--- SOURCE MATERIAL ---
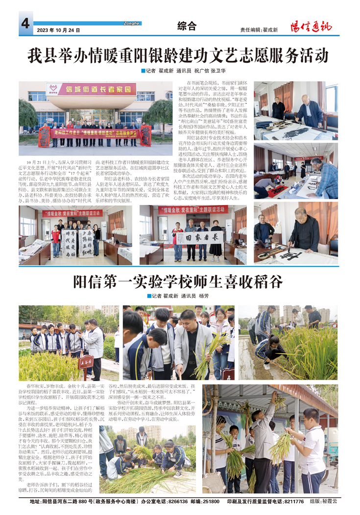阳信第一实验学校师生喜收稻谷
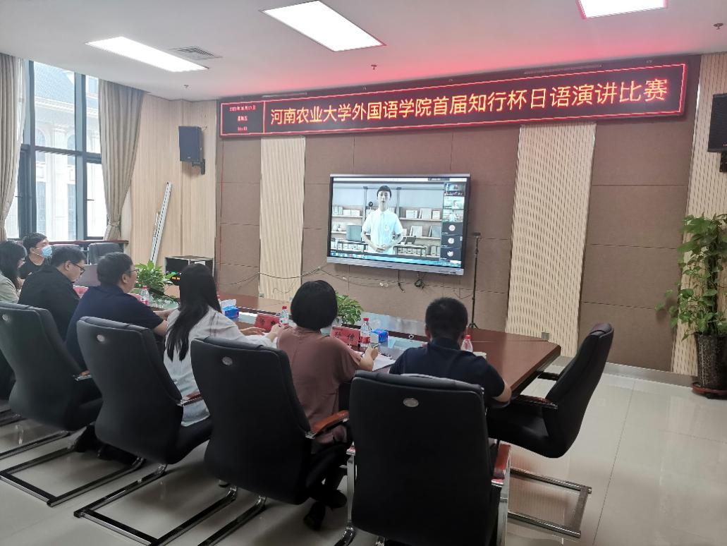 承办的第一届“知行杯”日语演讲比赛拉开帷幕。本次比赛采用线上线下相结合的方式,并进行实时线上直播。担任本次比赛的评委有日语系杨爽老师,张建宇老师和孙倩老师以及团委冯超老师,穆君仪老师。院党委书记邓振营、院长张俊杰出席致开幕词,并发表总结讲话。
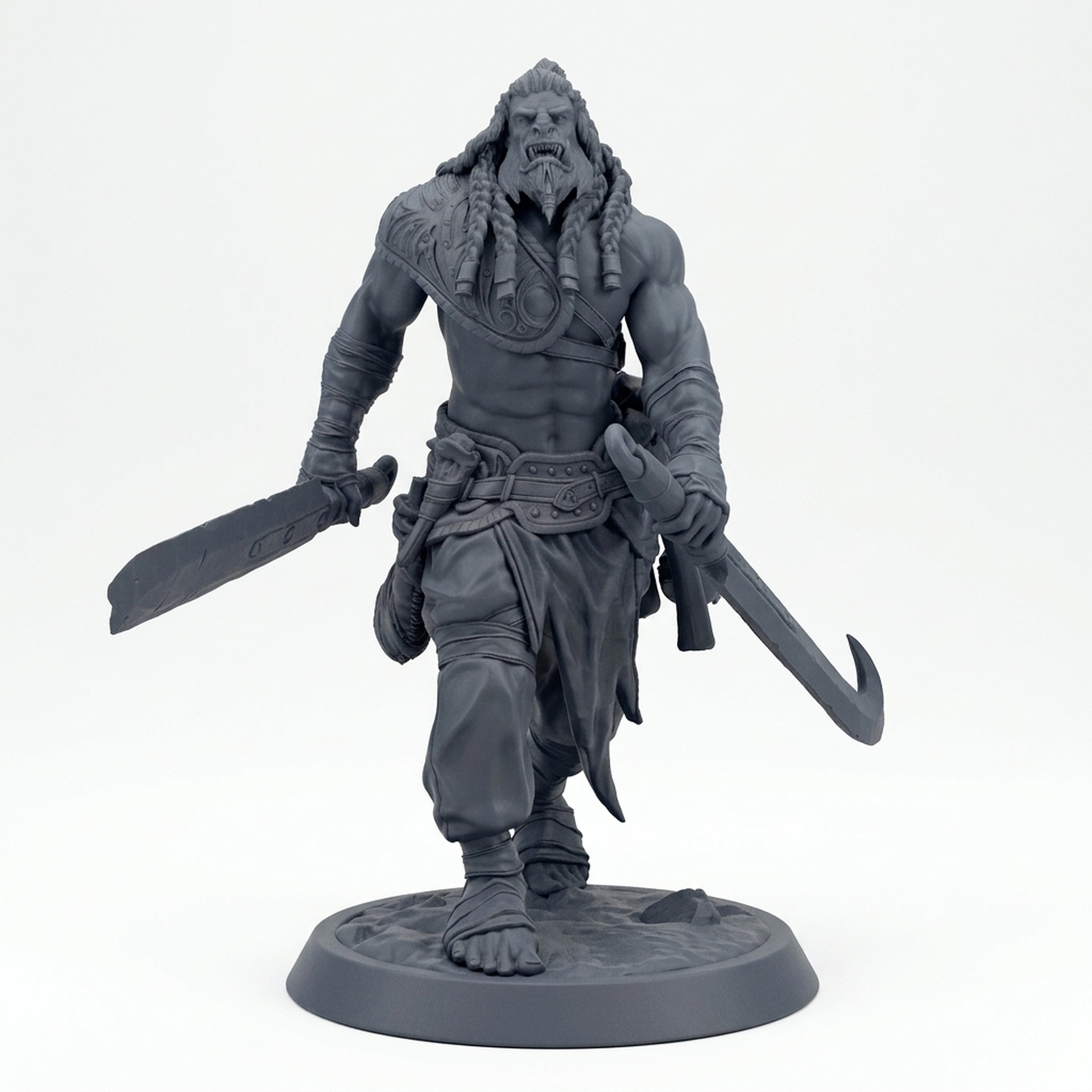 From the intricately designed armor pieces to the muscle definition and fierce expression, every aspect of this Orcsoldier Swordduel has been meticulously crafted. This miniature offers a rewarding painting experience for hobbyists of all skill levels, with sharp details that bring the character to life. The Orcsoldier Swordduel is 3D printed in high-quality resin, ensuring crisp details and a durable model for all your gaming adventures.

--- THE PROBLEM ---
Line by line and exactly, write out the material above. Skip the pictures.

--- EXERCISE ANSWER ---
阳信第一实验学校师生喜收稻谷
 承办的第一届“知行杯”日语演讲比赛拉开帷幕。本次比赛采用线上线下相结合的方式,并进行实时线上直播。担任本次比赛的评委有日语系杨爽老师,张建宇老师和孙倩老师以及团委冯超老师,穆君仪老师。院党委书记邓振营、院长张俊杰出席致开幕词,并发表总结讲话。
 From the intricately designed armor pieces to the muscle definition and fierce expression, every aspect of this Orcsoldier Swordduel has been meticulously crafted. This miniature offers a rewarding painting experience for hobbyists of all skill levels, with sharp details that bring the character to life. The Orcsoldier Swordduel is 3D printed in high-quality resin, ensuring crisp details and a durable model for all your gaming adventures.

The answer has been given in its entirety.